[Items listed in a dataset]
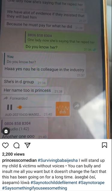 Nigerian comedienne, Princess who accused Yoruba actor, Baba Ijesha, of allegedly defiling her foster daughter has released damning allegations about the embattled actor on Instagram.
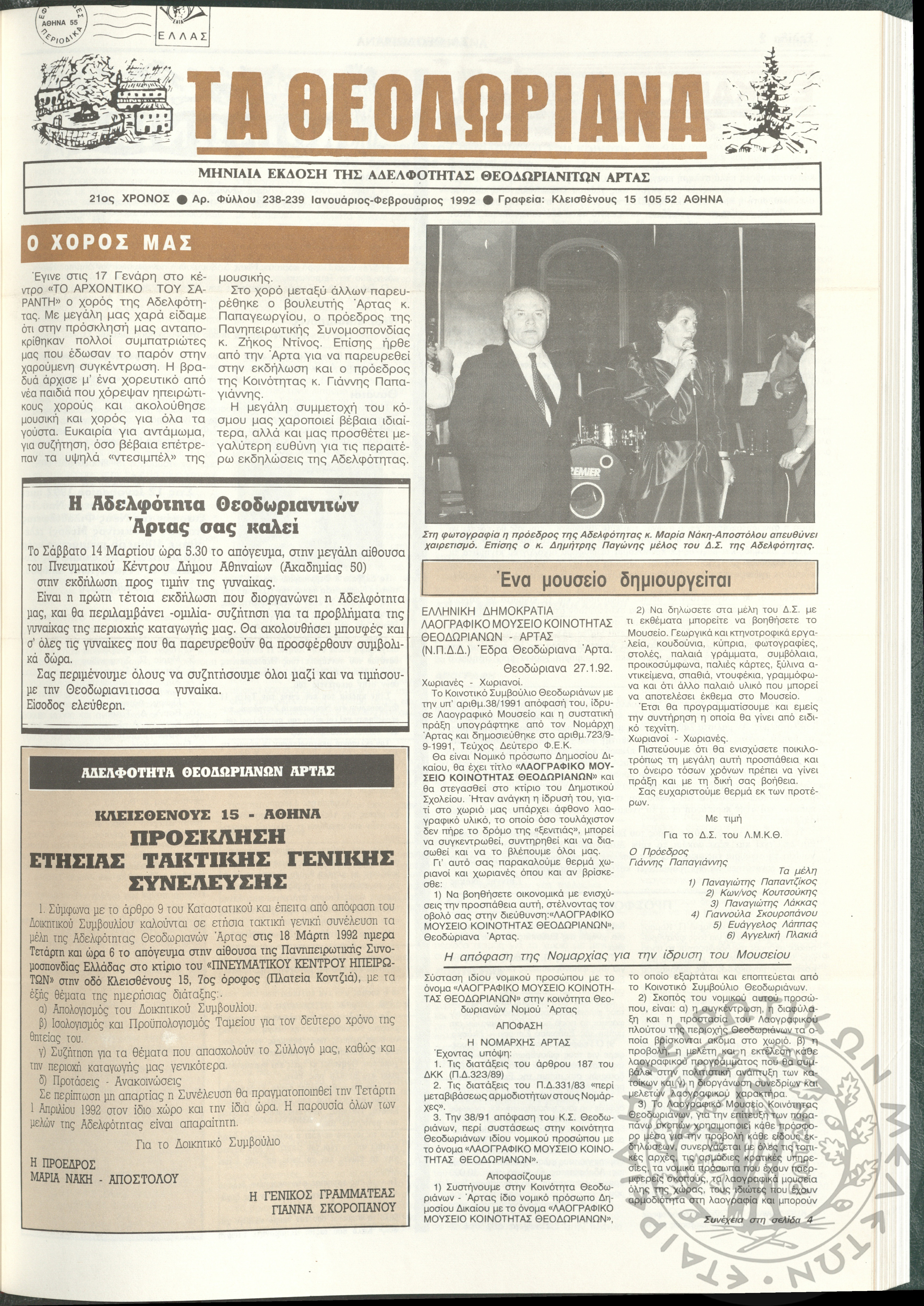 Τα Θεοδώριανα: Μηνιαία έκδοση της αδελφότητας Θεοδωριανιτών Άρτας, 1992, φ. 238-239Έτος 21, φ. 238-239...
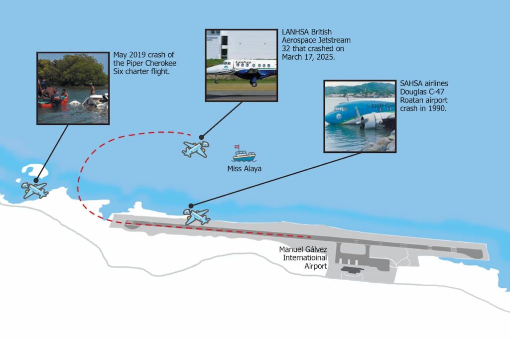 The most deadly crash until now took place in March 1990, when SAHSA airlines Douglas C-47 crashed on Roatan on a flight from Guanaja. An investigation determined that the aircraft, manufactured in 1944, encountered strong crosswinds and veered off the airport runway, and crashing into the sea.
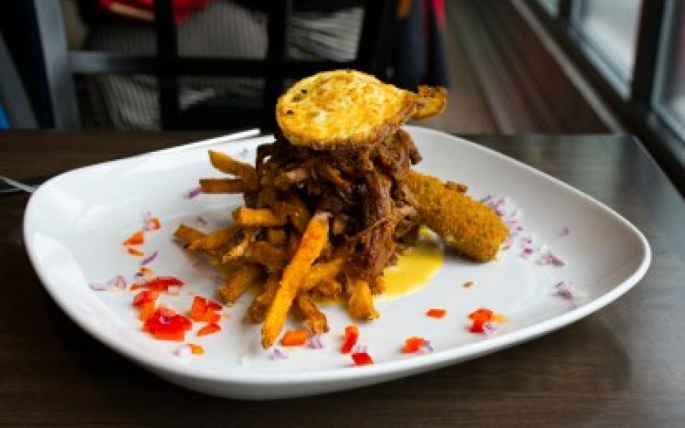 Brisket over truffle fries @ 1618 Seafood Grille (GSO)
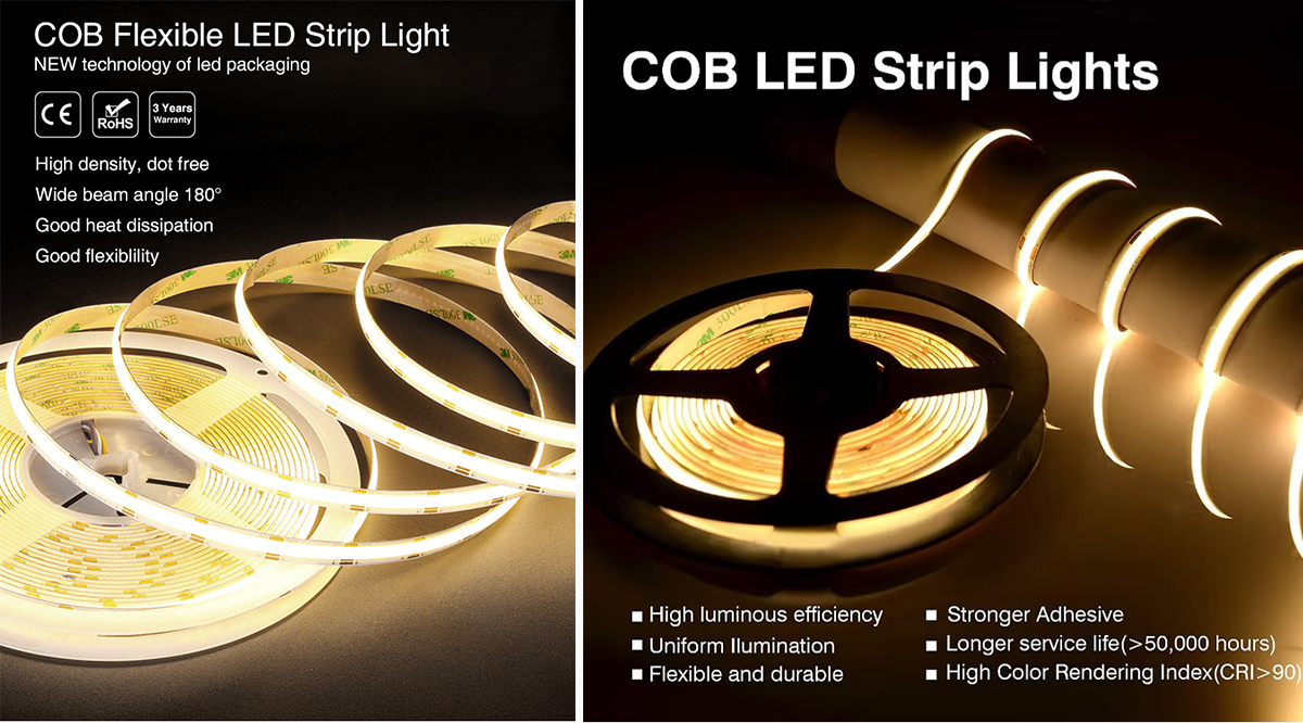 These Led Strip Light - COB LED Flexible Strip Lights transform various spaces by delivering subtle illumination for retail shelves, art displays, or under-cabinet areas. Their seamless glow suits environments where spotlighting details matter—jewelry showcases, architectural coves, or window displays—providing a consistent, attractive light source to enhance colors and textures. Ideal for residential and commercial settings alike, they integrate easily with standard lighting systems to offer user-friendly control and aesthetic flexibility.
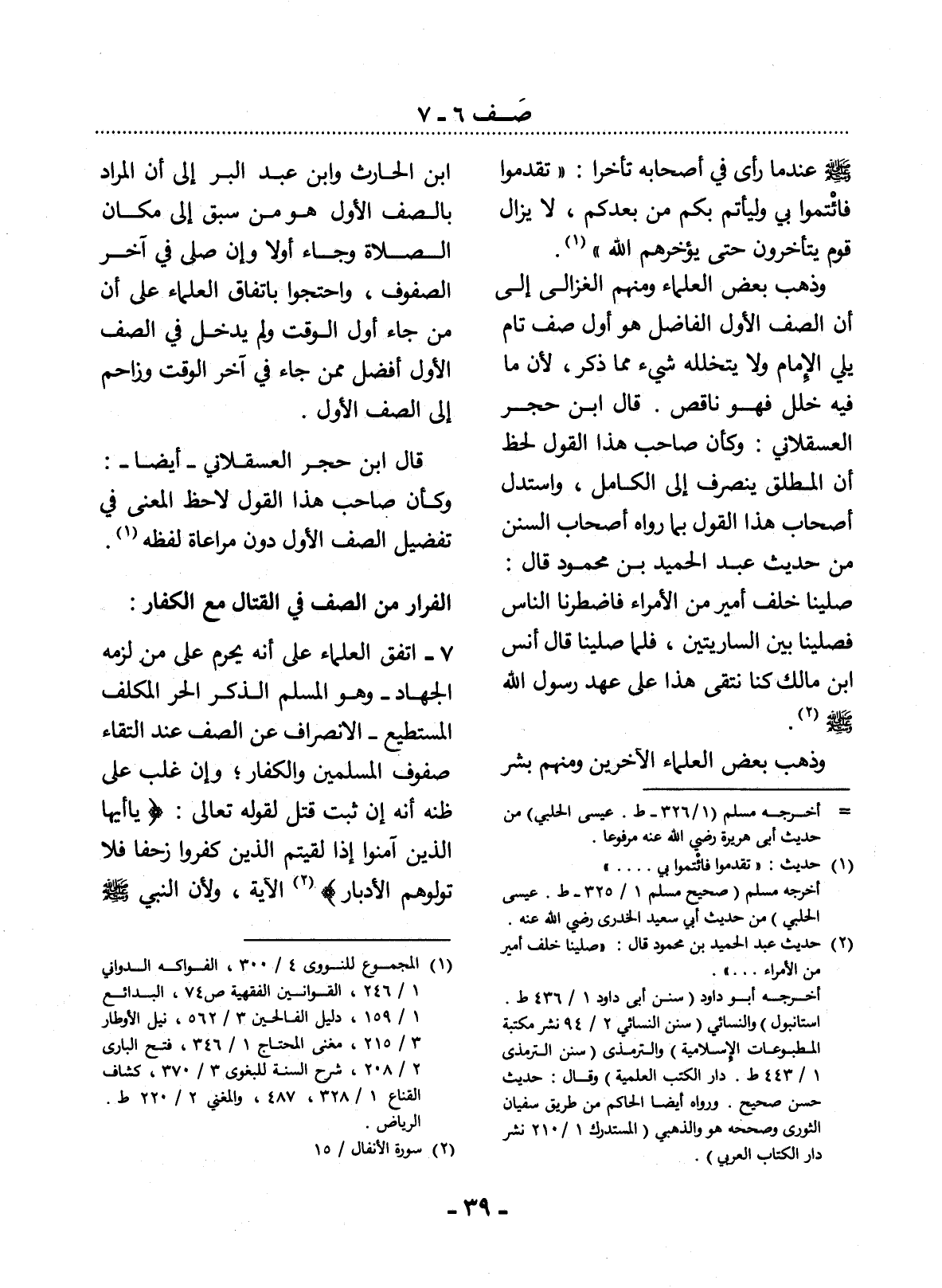 (1) حديث: " تقدموا فائتموا بي. . . " أخرجه مسلم (صحيح مسلم 1 / 325 - ط. عيسي الحلبي) من حديث أبي سعيد الخدري رضي الله عنه.
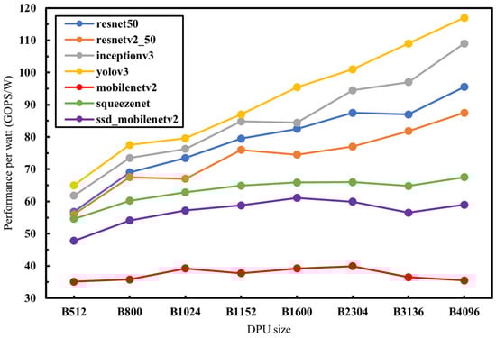 As shown in Figure 20, when running models primarily composed of depthwise separable CONV, the performance per watt of the DPU is noticeably lower compared to models dominated by standard CONV. Moreover, the performance disparity becomes larger with the increase in the DPU scale and parallelism. In the B4096 DPU, which has the highest resource usage and parallelism, the performance per watt of the YOLOv3 network is approximately 3.3 times that of the MobileNetV2. The performance per watt of depthwise separable CONV in DPUs of different parallelism consistently remains at a lower level, and the resource utilization decreases as the usage of resources increases. This indicates that there is a resource utilization bottleneck for depthwise separable CONV in the DPU.
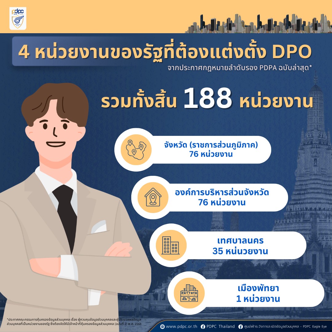 ศูนย์เฝ้าระวังการละเมิดข้อมูลส่วนบุคคล ประกาศ 4 หน่วยงานรัฐต้องแต่งตั้ง DPO ครอบคลุม 188 หน่วยงาน PDPA, ข่าวสารกิจกรรม ศูนย์เฝ้าระวังการละเมิดข้อมูลส่วนบุคคล ประกาศ 4 หน่วยงานรัฐต้องแต่งตั้ง DPO ครอบคลุม 188 หน่วยงาน ศูนย์เฝ้าระวังการละเมิดข้อมูลส่วนบุคคล ประกาศให้หน่วยงานของรัฐ 4 ประเภท ได้แก่ จังหวัด, องค์การบริหารส่วนจังหวัด (อบจ.), เทศบาลนคร และเมืองพัทยา ต้องแต่งตั้งเจ้าหน้าที่คุ้มครองข้อมูลส่วนบุคคล (DPO) เพิ่มอีก 188 หน่วยงาน เพื่อสอดคล้องกับกฎหมาย PDPA ศูนย์เฝ้าระวังการละเมิดข้อมูลส่วนบุคคล ประกาศหน่วยงานของรัฐ 4 ประเภท ต้องแต่งตั้งเจ้าหน้าที่คุ้มครองข้อมูลส่วนบุคคล (Data Protection Officer: DPO) เพิ่มเติม เพื่อให้สอดคล้องกับกฎหมายคุ้มครองข้อมูลส่วนบุคคล พ.ศ. 2562 (PDPA) DPO เป็นตำแหน่งตามมาตรา 41 ของ PDPA ทำหน้าที่ให้คำปรึกษา ตรวจสอบกระบวนการประมวลผลข้อมูลส่วนบุคคล และประสานงานด้านการคุ้มครองข้อมูลสำหรับองค์กรหรือหน่วยงานที่เป็นผู้ควบคุมหรือผู้ประมวลผลข้อมูลประกาศฉบับล่าสุดกำหนดให้หน่วยงานของรัฐ 4 ประเภท จำนวนรวม 188 หน่วยงาน ต้องแต่งตั้ง DPO ได้แก่จังหวัด (ราชการส่วนภูมิภาค) จำนวน 76 หน่วยงานองค์การบริหารส่วนจังหวัด (อบจ.) จำนวน 76 หน่วยงานเทศบาลนคร จำนวน 35 หน่วยงานเมืองพัทยา จำนวน 1 หน่วยงาน ประกาศมีผลบังคับใช้ตั้งแต่วันที่ 9 ธันวาคม 2568 โดยหน่วยงานมีระยะเวลาเตรียมความพร้อม 60 วัน นับจากวันที่ประกาศ (9 ตุลาคม 2568) ประกาศฉบับนี้เป็นการเพิ่มเติม (ฉบับที่ 2) จากประกาศก่อนหน้านี้ที่กำหนดรายชื่อหน่วยงานของรัฐจำนวน 85 หน่วยงานให้จัดตั้ง DPO เพื่อให้การบังคับใช้กฎหมาย PDPA ครอบคลุมและมีประสิทธิภาพมากยิ่งขึ้น ที่มา : Facebook ศูนย์เฝ้าระวังการละเมิดข้อมูลส่วนบุคคล – PDPC Eagle Eye Post Views: 11 FacebookFacebookXTwitterLINELine
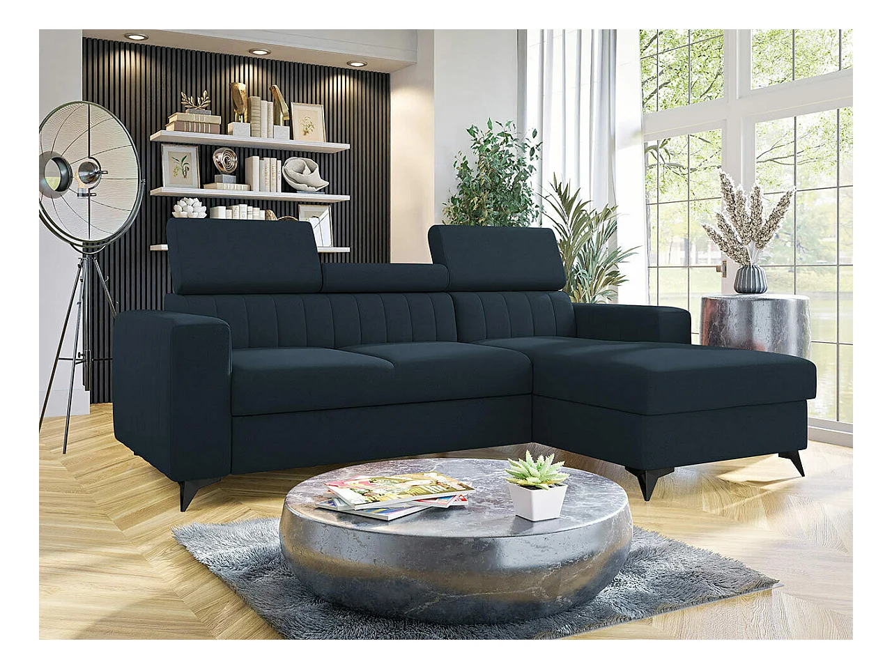 Sofá rinconero Comfivo 190, Azul, Función de descanso, Almacenaje, 345x202x71cm

# WHAT IS EXPECTED
Word for word, write out each of the records, but not the pictures.

# ANSWER TO THIS EXERCISE
 Nigerian comedienne, Princess who accused Yoruba actor, Baba Ijesha, of allegedly defiling her foster daughter has released damning allegations about the embattled actor on Instagram.
 Τα Θεοδώριανα: Μηνιαία έκδοση της αδελφότητας Θεοδωριανιτών Άρτας, 1992, φ. 238-239Έτος 21, φ. 238-239...
 The most deadly crash until now took place in March 1990, when SAHSA airlines Douglas C-47 crashed on Roatan on a flight from Guanaja. An investigation determined that the aircraft, manufactured in 1944, encountered strong crosswinds and veered off the airport runway, and crashing into the sea.
 Brisket over truffle fries @ 1618 Seafood Grille (GSO)
 These Led Strip Light - COB LED Flexible Strip Lights transform various spaces by delivering subtle illumination for retail shelves, art displays, or under-cabinet areas. Their seamless glow suits environments where spotlighting details matter—jewelry showcases, architectural coves, or window displays—providing a consistent, attractive light source to enhance colors and textures. Ideal for residential and commercial settings alike, they integrate easily with standard lighting systems to offer user-friendly control and aesthetic flexibility.
 (1) حديث: " تقدموا فائتموا بي. . . " أخرجه مسلم (صحيح مسلم 1 / 325 - ط. عيسي الحلبي) من حديث أبي سعيد الخدري رضي الله عنه.
 As shown in Figure 20, when running models primarily composed of depthwise separable CONV, the performance per watt of the DPU is noticeably lower compared to models dominated by standard CONV. Moreover, the performance disparity becomes larger with the increase in the DPU scale and parallelism. In the B4096 DPU, which has the highest resource usage and parallelism, the performance per watt of the YOLOv3 network is approximately 3.3 times that of the MobileNetV2. The performance per watt of depthwise separable CONV in DPUs of different parallelism consistently remains at a lower level, and the resource utilization decreases as the usage of resources increases. This indicates that there is a resource utilization bottleneck for depthwise separable CONV in the DPU.
 ศูนย์เฝ้าระวังการละเมิดข้อมูลส่วนบุคคล ประกาศ 4 หน่วยงานรัฐต้องแต่งตั้ง DPO ครอบคลุม 188 หน่วยงาน PDPA, ข่าวสารกิจกรรม ศูนย์เฝ้าระวังการละเมิดข้อมูลส่วนบุคคล ประกาศ 4 หน่วยงานรัฐต้องแต่งตั้ง DPO ครอบคลุม 188 หน่วยงาน ศูนย์เฝ้าระวังการละเมิดข้อมูลส่วนบุคคล ประกาศให้หน่วยงานของรัฐ 4 ประเภท ได้แก่ จังหวัด, องค์การบริหารส่วนจังหวัด (อบจ.), เทศบาลนคร และเมืองพัทยา ต้องแต่งตั้งเจ้าหน้าที่คุ้มครองข้อมูลส่วนบุคคล (DPO) เพิ่มอีก 188 หน่วยงาน เพื่อสอดคล้องกับกฎหมาย PDPA ศูนย์เฝ้าระวังการละเมิดข้อมูลส่วนบุคคล ประกาศหน่วยงานของรัฐ 4 ประเภท ต้องแต่งตั้งเจ้าหน้าที่คุ้มครองข้อมูลส่วนบุคคล (Data Protection Officer: DPO) เพิ่มเติม เพื่อให้สอดคล้องกับกฎหมายคุ้มครองข้อมูลส่วนบุคคล พ.ศ. 2562 (PDPA) DPO เป็นตำแหน่งตามมาตรา 41 ของ PDPA ทำหน้าที่ให้คำปรึกษา ตรวจสอบกระบวนการประมวลผลข้อมูลส่วนบุคคล และประสานงานด้านการคุ้มครองข้อมูลสำหรับองค์กรหรือหน่วยงานที่เป็นผู้ควบคุมหรือผู้ประมวลผลข้อมูลประกาศฉบับล่าสุดกำหนดให้หน่วยงานของรัฐ 4 ประเภท จำนวนรวม 188 หน่วยงาน ต้องแต่งตั้ง DPO ได้แก่จังหวัด (ราชการส่วนภูมิภาค) จำนวน 76 หน่วยงานองค์การบริหารส่วนจังหวัด (อบจ.) จำนวน 76 หน่วยงานเทศบาลนคร จำนวน 35 หน่วยงานเมืองพัทยา จำนวน 1 หน่วยงาน ประกาศมีผลบังคับใช้ตั้งแต่วันที่ 9 ธันวาคม 2568 โดยหน่วยงานมีระยะเวลาเตรียมความพร้อม 60 วัน นับจากวันที่ประกาศ (9 ตุลาคม 2568) ประกาศฉบับนี้เป็นการเพิ่มเติม (ฉบับที่ 2) จากประกาศก่อนหน้านี้ที่กำหนดรายชื่อหน่วยงานของรัฐจำนวน 85 หน่วยงานให้จัดตั้ง DPO เพื่อให้การบังคับใช้กฎหมาย PDPA ครอบคลุมและมีประสิทธิภาพมากยิ่งขึ้น ที่มา : Facebook ศูนย์เฝ้าระวังการละเมิดข้อมูลส่วนบุคคล – PDPC Eagle Eye Post Views: 11 FacebookFacebookXTwitterLINELine
 Sofá rinconero Comfivo 190, Azul, Función de descanso, Almacenaje, 345x202x71cm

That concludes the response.